*SUPPLIED MATERIAL*.
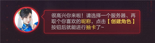 活动期间,各位格斗家在活动页面选择好心仪的服务器,输入喜欢的角色昵称,完成预创角色,便可开启抽卡模式。
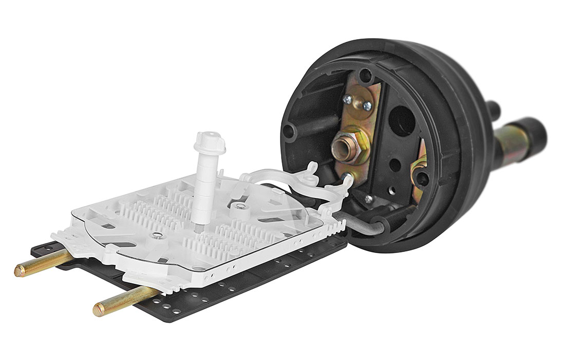 Ввод, крепление ЦСЭ и герметизация вводов кабелей осуществляется с помощью специальных кабельных вводов. На оголовнике муфты установлена специальная изолирующая пластина, которая в сочетании со специальными вводами обеспечивает уникальные характеристики и возможности:
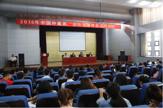 专场”成功举行。讲座开始前,校党委常委贺立军同志亲切会见了前来参加本次活动的中国国际经济贸易仲裁委员会天津国际经济金融仲裁中心解常晴秘书长和中国人民大学法学院杜焕芳副院长等一行。在活动的开幕式上,校党委宣传部陈鸿雁部长和文法学院李子彪院长分别代表学校和学院讲话。陈鸿雁部长介绍了学校的总体情况、学科建设和“工学并举”的办学传统;李子彪院长介绍了文法学院的专业建设情况和学科特点。解常晴秘书长和杜焕芳教授也分别简要介绍了2016年中国仲裁周的开展情况。之后,由解常晴秘书长主持,杜焕芳教授作了主题为“国际仲裁的基本理念与规则、现状与发展” 的专场讲座,中国国际经济贸易仲裁委员会仲裁员、文法学院法学专业教师石小娟教授作了点评。来自天津市高级人民法院和南开大学等天津的法学界和法律界专家也参加了本次活动。整场活动由91麻豆

*WORK REQUEST*. Could you copy the lines above exactly and skip the images?

*RESPONSE TO THE EXERCISE*.
 活动期间,各位格斗家在活动页面选择好心仪的服务器,输入喜欢的角色昵称,完成预创角色,便可开启抽卡模式。
 Ввод, крепление ЦСЭ и герметизация вводов кабелей осуществляется с помощью специальных кабельных вводов. На оголовнике муфты установлена специальная изолирующая пластина, которая в сочетании со специальными вводами обеспечивает уникальные характеристики и возможности:
 专场”成功举行。讲座开始前,校党委常委贺立军同志亲切会见了前来参加本次活动的中国国际经济贸易仲裁委员会天津国际经济金融仲裁中心解常晴秘书长和中国人民大学法学院杜焕芳副院长等一行。在活动的开幕式上,校党委宣传部陈鸿雁部长和文法学院李子彪院长分别代表学校和学院讲话。陈鸿雁部长介绍了学校的总体情况、学科建设和“工学并举”的办学传统;李子彪院长介绍了文法学院的专业建设情况和学科特点。解常晴秘书长和杜焕芳教授也分别简要介绍了2016年中国仲裁周的开展情况。之后,由解常晴秘书长主持,杜焕芳教授作了主题为“国际仲裁的基本理念与规则、现状与发展” 的专场讲座,中国国际经济贸易仲裁委员会仲裁员、文法学院法学专业教师石小娟教授作了点评。来自天津市高级人民法院和南开大学等天津的法学界和法律界专家也参加了本次活动。整场活动由91麻豆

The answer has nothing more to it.